I agree with my noble friend’s amendment, which seeks greater flexibility and, in particular, has the important characteristic regarding Wales mentioned by the noble Lord, Lord Tyler, and my noble friend Lady Hayter. I do not hesitate to repeat what I said in Committee. I was shocked at the impact of the boundary review proposals that we are considering in the Bill on representation in Wales. The House should walk on the other side on that issue with great care.
In conclusion, there is no great issue of principle that divides the Government from those of us who feel that there should be greater flexibility. All that we are asking is that they should change the rules in the Bill to allow a little more flexibility for the Boundary Commission, and Minister should offer more flexibility when he responds.
My Lords, I very much agree with previous speakers on this group of amendments and support Amendment 18, to which I have added my name and, in the absence of my good friend, the noble Lord, Lord Hain, would be happy to move it, were that to be appropriate, if the Government were unwilling to move in that direction or to adopt an amendment moving in that direction.
Amendment 18 might be seen by some colleagues as being the more extreme option within this group, which seeks greater tolerance around the mean number of electors per constituency. That amendment applies only to Wales, and I appreciate the comments of the noble Baroness, Lady Hayter, and the noble Lords, Lord Tyler and Lord Grocott.

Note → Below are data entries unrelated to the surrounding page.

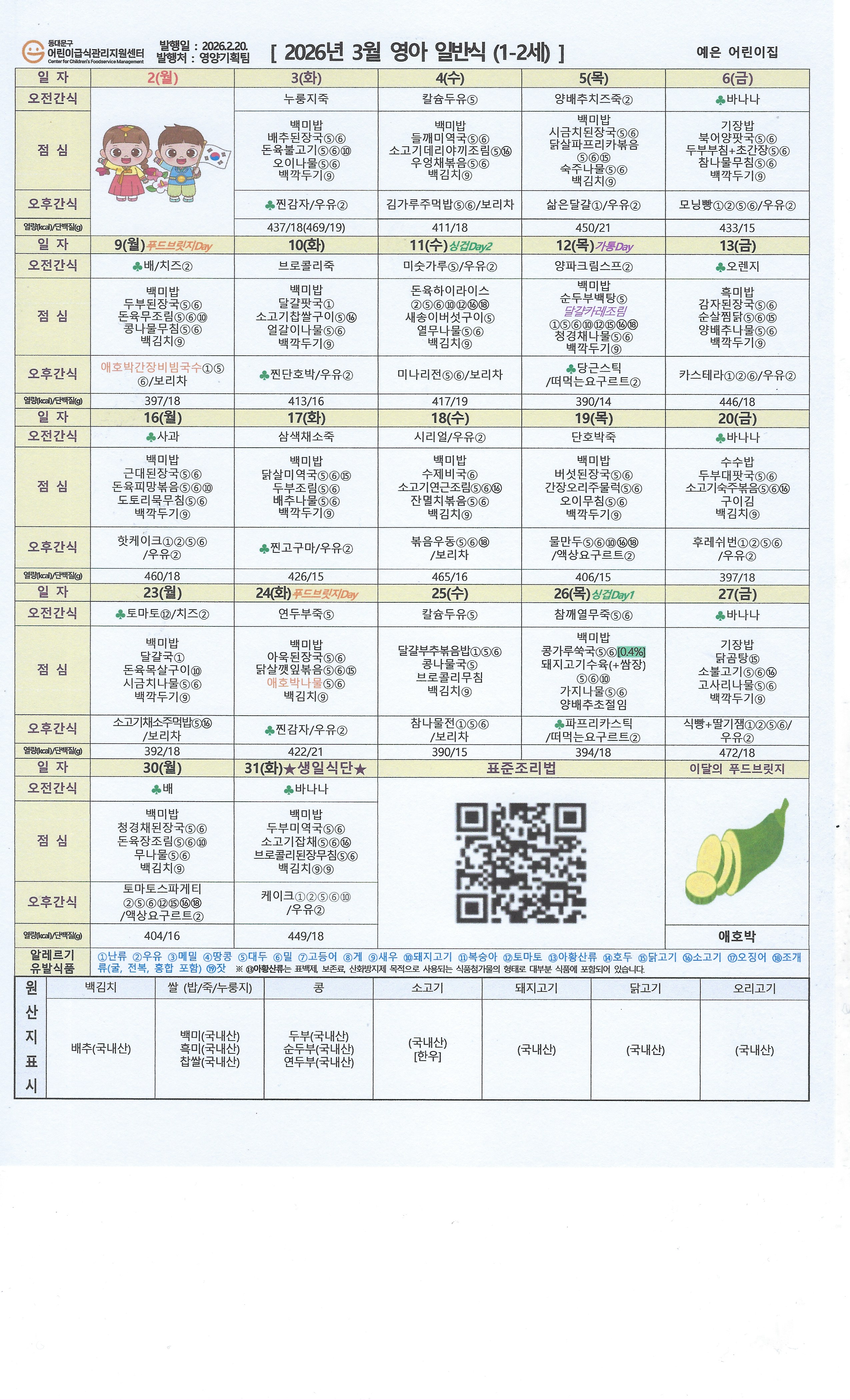 | 전체아동수 | 급식아동수 | 영양(교)사 | 취사인력 | ||||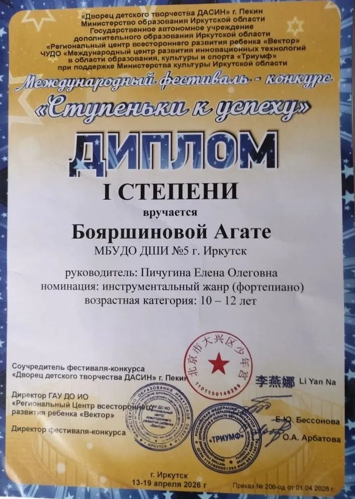 ДИПЛОМАНТ I степени – Бояршинова Агата, 4 класс, преподаватель Пичугина Е.О.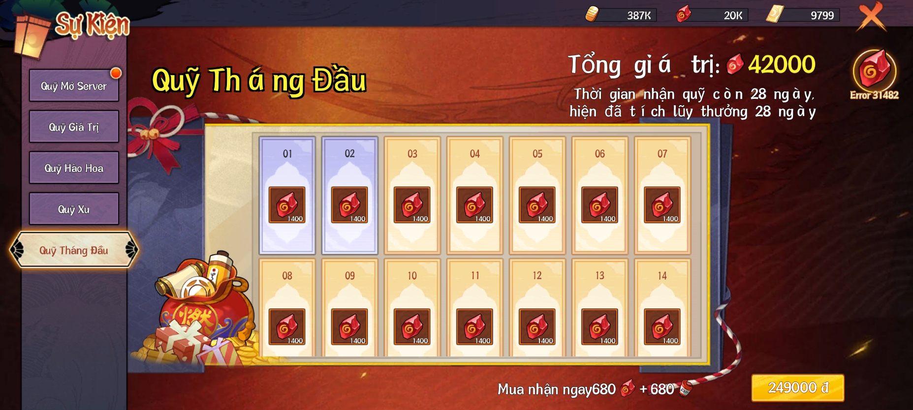1. Siêu Ninja Xuất Hiện khắc phục sự cố hiển thị khi người chơi chỉ mới mua 1 trong 2 thẻ tháng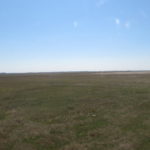 Egyébként a táj – az úton kívül – gyönyörű. Érdekes élmény, hogy néhány napja ugyanilyen földön haladtunk, és az eső miatt tiszta láp volt az egész, és mindez oda. Most beton kemény és repedezett a talaj, tele buckákkal. Nagyon sokféle növény él itt. Csodaszépek a színek. Reggel még egy, azaz egy darab felhő sem volt a csodálatosan kék égen, de ahogy haladtunk előre, egyre több fantasztikus alakú, formájú bárányfelhő jelent meg.

All referred to the challenging situation in rural Wales. It is therefore perfectly in order for noble Lords to support the smaller variations around the mean in England or Scotland, if they so choose, and I support their amendments seeking greater flexibility there. However, the imposition of still further flexibility in Wales can be taken on board because it does not change the number of seats allocated to Wales, merely the distribution within it. As has been stated, this would allow greater flexibility in respecting natural communities, geographic sparsity and ease of travel.
Wales should have at least 36 parliamentary seats but that is not the issue at stake in Amendment 18. It gives the Boundary Commission for Wales greater flexibility, if it chooses to use it, to respond to the topography and communities of Wales. As the noble Baroness, Lady Hayter, suggested, constraining them into a straitjacket imposed by Westminster is not helpful. I urge the Government to accept this amendment or at least table an amendment of their own to meet these pressing arguments.